EXERCISE DIRECTIONS: Copy each line below exactly and leave the pictures out.

STUDY MATERIAL:
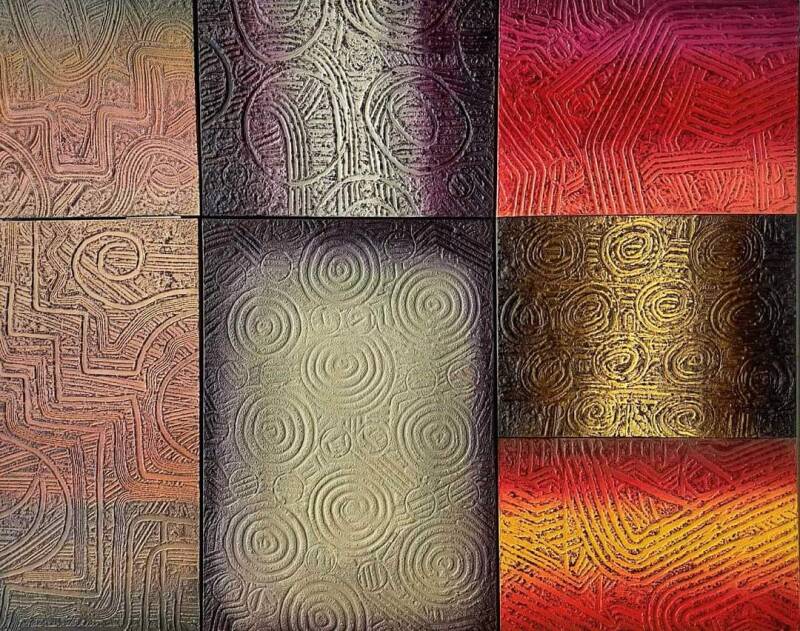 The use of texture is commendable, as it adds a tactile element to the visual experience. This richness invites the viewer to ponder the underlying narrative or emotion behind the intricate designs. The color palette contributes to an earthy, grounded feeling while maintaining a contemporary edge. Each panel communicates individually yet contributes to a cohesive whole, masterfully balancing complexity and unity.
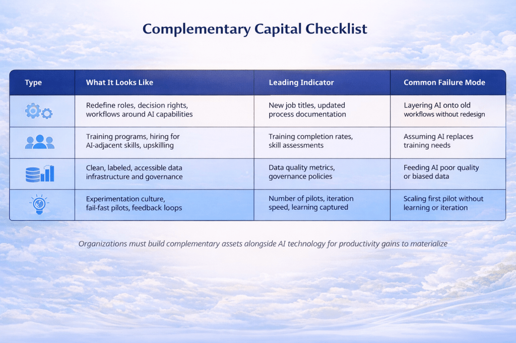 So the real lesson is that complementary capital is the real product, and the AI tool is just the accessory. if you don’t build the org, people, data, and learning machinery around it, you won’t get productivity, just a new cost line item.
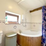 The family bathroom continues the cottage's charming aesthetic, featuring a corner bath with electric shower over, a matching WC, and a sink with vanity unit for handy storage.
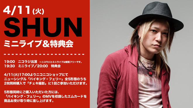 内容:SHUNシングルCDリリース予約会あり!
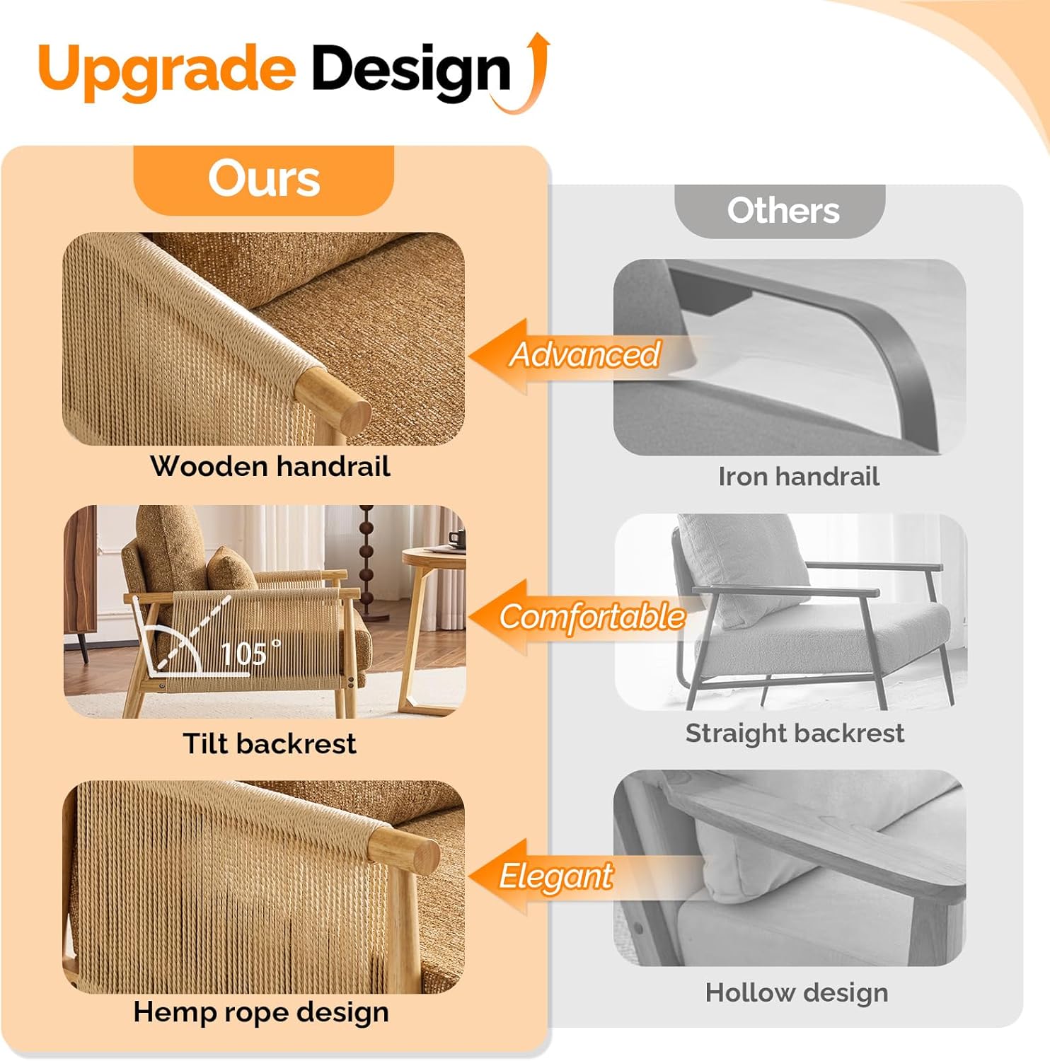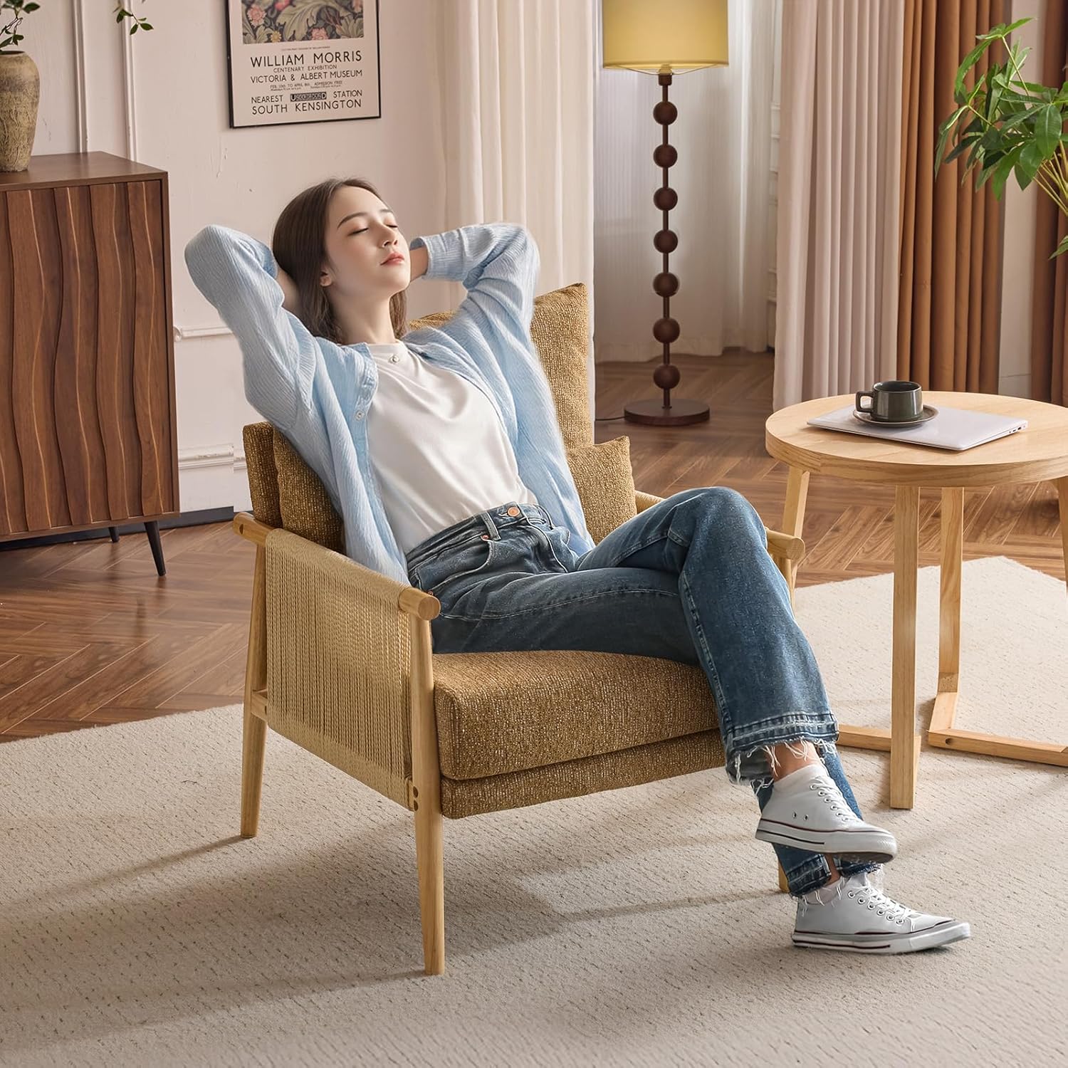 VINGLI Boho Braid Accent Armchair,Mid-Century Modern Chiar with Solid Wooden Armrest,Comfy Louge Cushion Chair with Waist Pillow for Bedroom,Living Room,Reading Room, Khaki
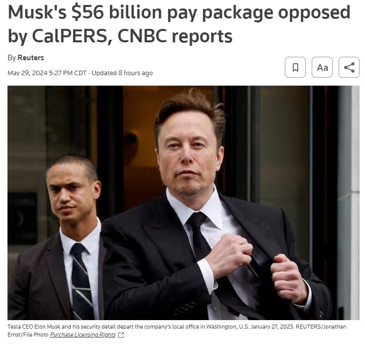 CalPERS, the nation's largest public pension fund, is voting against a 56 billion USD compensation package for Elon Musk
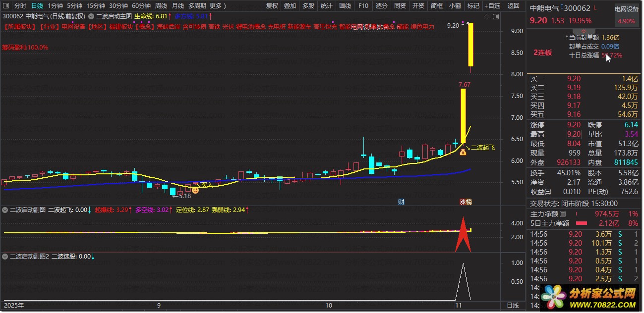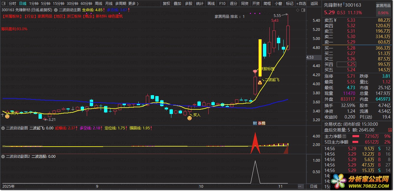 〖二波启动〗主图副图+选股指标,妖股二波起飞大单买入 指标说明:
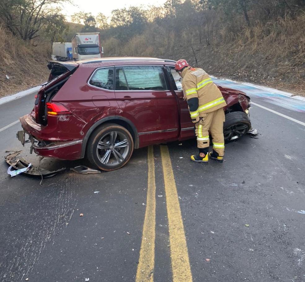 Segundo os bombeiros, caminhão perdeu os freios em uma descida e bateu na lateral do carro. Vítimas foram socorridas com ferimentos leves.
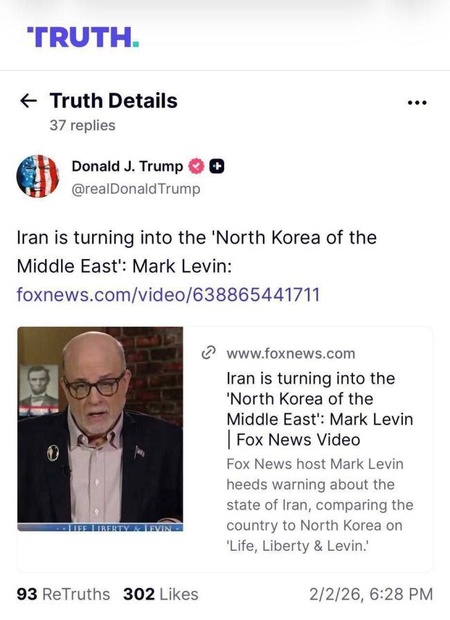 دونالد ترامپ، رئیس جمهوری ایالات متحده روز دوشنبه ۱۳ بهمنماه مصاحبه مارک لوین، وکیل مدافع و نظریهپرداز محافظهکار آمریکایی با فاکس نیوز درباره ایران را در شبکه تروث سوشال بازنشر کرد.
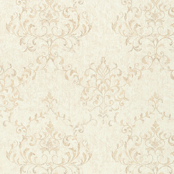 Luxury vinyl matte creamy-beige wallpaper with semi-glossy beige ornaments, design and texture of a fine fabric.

SOLUTION BELOW:
 The use of texture is commendable, as it adds a tactile element to the visual experience. This richness invites the viewer to ponder the underlying narrative or emotion behind the intricate designs. The color palette contributes to an earthy, grounded feeling while maintaining a contemporary edge. Each panel communicates individually yet contributes to a cohesive whole, masterfully balancing complexity and unity.
 So the real lesson is that complementary capital is the real product, and the AI tool is just the accessory. if you don’t build the org, people, data, and learning machinery around it, you won’t get productivity, just a new cost line item.
 The family bathroom continues the cottage's charming aesthetic, featuring a corner bath with electric shower over, a matching WC, and a sink with vanity unit for handy storage.
 内容:SHUNシングルCDリリース予約会あり!
 VINGLI Boho Braid Accent Armchair,Mid-Century Modern Chiar with Solid Wooden Armrest,Comfy Louge Cushion Chair with Waist Pillow for Bedroom,Living Room,Reading Room, Khaki
 CalPERS, the nation's largest public pension fund, is voting against a 56 billion USD compensation package for Elon Musk
 〖二波启动〗主图副图+选股指标,妖股二波起飞大单买入 指标说明:
 Segundo os bombeiros, caminhão perdeu os freios em uma descida e bateu na lateral do carro. Vítimas foram socorridas com ferimentos leves.
 دونالد ترامپ، رئیس جمهوری ایالات متحده روز دوشنبه ۱۳ بهمنماه مصاحبه مارک لوین، وکیل مدافع و نظریهپرداز محافظهکار آمریکایی با فاکس نیوز درباره ایران را در شبکه تروث سوشال بازنشر کرد.
 Luxury vinyl matte creamy-beige wallpaper with semi-glossy beige ornaments, design and texture of a fine fabric.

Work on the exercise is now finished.